Originally from North Devon and grown up in a military family, Constable moved across various countries in her youth.[1] Constable thought about pursuing her studies in architecture, then pursuing an English degree at Goldsmiths' College, London.[2] Influenced by the art scene in London in the 1980s, she then decided to combine English with Drama, graduating in 1989,[3] while working in the music business.[4] She has since become a Goldsmith fellow, as well as of Rose Bruford College and Central School of Speech and Drama.[5]
Constable started her career while studying, working for Midnight Design on rock' n' roll concerts design, while starting to develop an interest in the theatre.[6] [7]
Her "big break" came with show The Street of Crocodiles at the National Theatre, for which she was nominated for an Olivier Award for Best Lighting Design at age 26. She also worked on operas, as well as in the theatre, and collaborated extensively with the Royal Opera, English National Opera, Glyndebourne, Opera North, Scottish Opera and Welsh National Opera.

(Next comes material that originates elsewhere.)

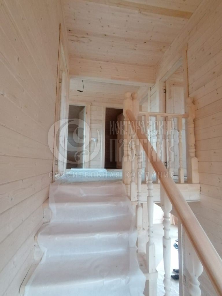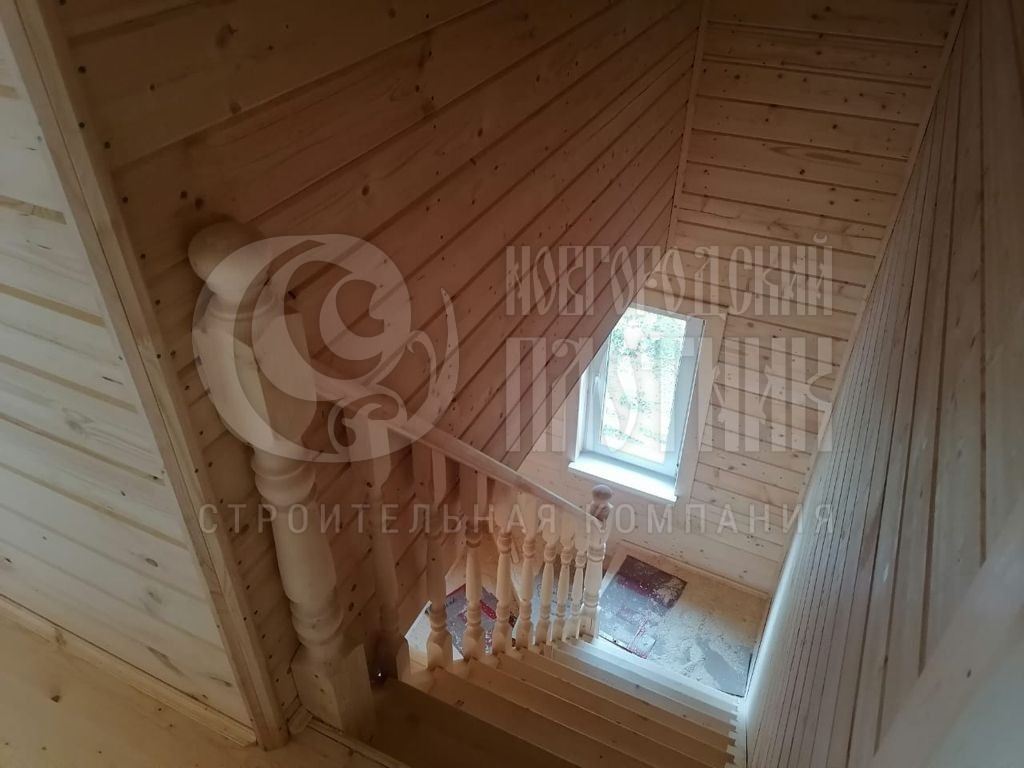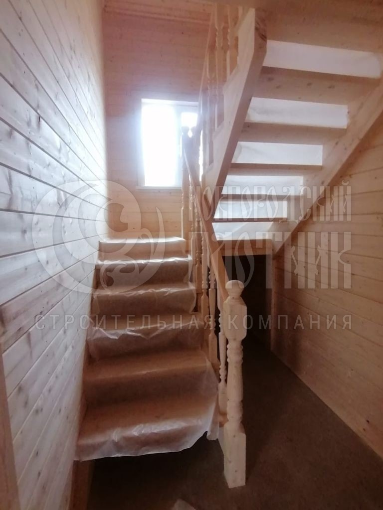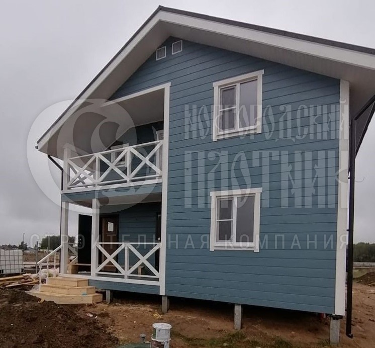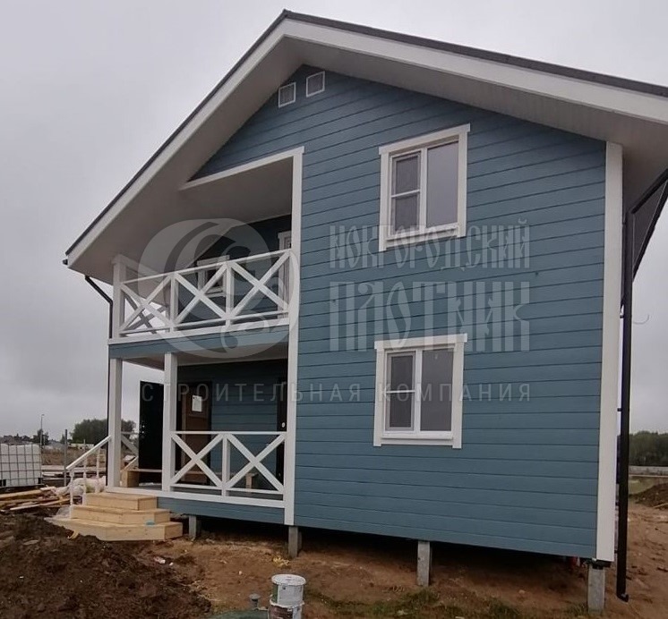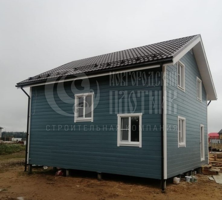 В сентябре 2021г. завершилось строительство каркасного дома по проекту Д-34. Каркас стен толщиной 150мм снаружи обшит имитацией бруса, внутри вагонкой. Утепление стен - каменная вата Роквул толщиной 150мм, полы и потолки утеплены в 200мм. Окна ПВХ двухкамерные. Кровля металлочерепица.
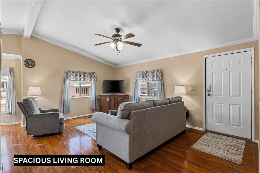 WELL MAINTAINED 2 BEDROOM, 2 BATH HOME... PLUS BONUS ROOM... LOCATED IN THE LONGRIDGE 55+ COMMUNITY. COMING FURNISHED. HOME FEATURES LARGE LIVING ROOM WITH VAULTED CEILINGS. CASUAL DINING AREA WITH PICTURE PERFECT WINDOWS. WELL APPOINTED KITCHEN WITH BEAUTIFUL CHERRY FINISHED CABINETS WITH PULL-OUT SHELVING. UPGRADED APPLIANCES. BIG PRIMARY SUITE WITH WALK-IN CLOSET. PRIMARY BATH HAS PRETTY VANITY AND WALK-IN SHOWER. GOOD SIZED GUEST BEDROOM AND GUEST BATH WITH WALK-IN SHOWER. BONUS ROOM WITH WASHER AND DRYER COULD BE CONVERTED INTO A THIRD BEDROOM (ORIGINAL LAUNDRY HOOK-UPS ARE STILL IN LAUNDRY AREA IN HOME). LARGE SHED / WORKSHOP WITH TWO ENTRANCES. LAND LEASE INCLUDES TRASH, POOL, SPA, CLUBHOUSE, DOG PARK. OWNER OCCUPIED OLNY... NO SHORT OR LONG TERM RENTALS ALLOWED. ONE PET LIMIT AND MUST BE UNDER 25 LBS. MONTHLY LAND LEASE IS $580. JUST A STONE'S THROW FROM LAUGHLIN CASINOS AND THE COLORADO RIVER.

Constable won the 2005, 2006, 2009, 2013, 2020 Laurence Olivier Award for Best Lighting Design.[8] She was also a nominee for four further productions and for a 2007 Tony Award on Broadway. In 2011 she won the Tony Award for Best Lighting Design of a play for War Horse.
Abroad she has worked in Paris, Salzburg, Strasbourg, Berlin, Brussels, New Zealand, Dallas and Houston. For the Metropolitan Opera in New York she has designed lighting for Satyagraha, Anna Bolena, Don Giovanni, Giulio Cesare, The Marriage of Figaro, and others.[9]
She has created fifteen productions at the National Theatre, including Paul. Her lighting designs are regularly seen at the Royal Shakespeare Company, the Donmar Warehouse, the Royal Court Theatre and with Théâtre de Complicité. In the West End she lit Evita, Don Carlos, The Weir and Amadeus (also Broadway, 1999 LA Critics' Award winner).
Theatre-dance productions in Britain and abroad include productions for Matthew Bourne, Will Tuckett and Adam Cooper.
Constable was the lighting designer for the 2010 25th Anniversary Touring Production of Les Misérables, staged at the Barbican Centre in London. A DVD of the live concert performance at the O2 on 3 October has been released. In 2011, this production performed at the Ahmanson Theatre and Constable won the L.A. Drama Critics Circle Award for Lighting Design.[10]
Constable won Tony awards for her work on War Horse in 2011 and The Curious Incident of the Dog in the Night-Time in 2015.
Constable is also well known for being an advocate and supporting women working in theatre. She is only one of two women who have received the Olivier Award for Best Lighting Design. In an interview she commented: “Women still aren’t represented as well as they should be in theatre. It’s a very male-dominated industry and we need to change that."[1]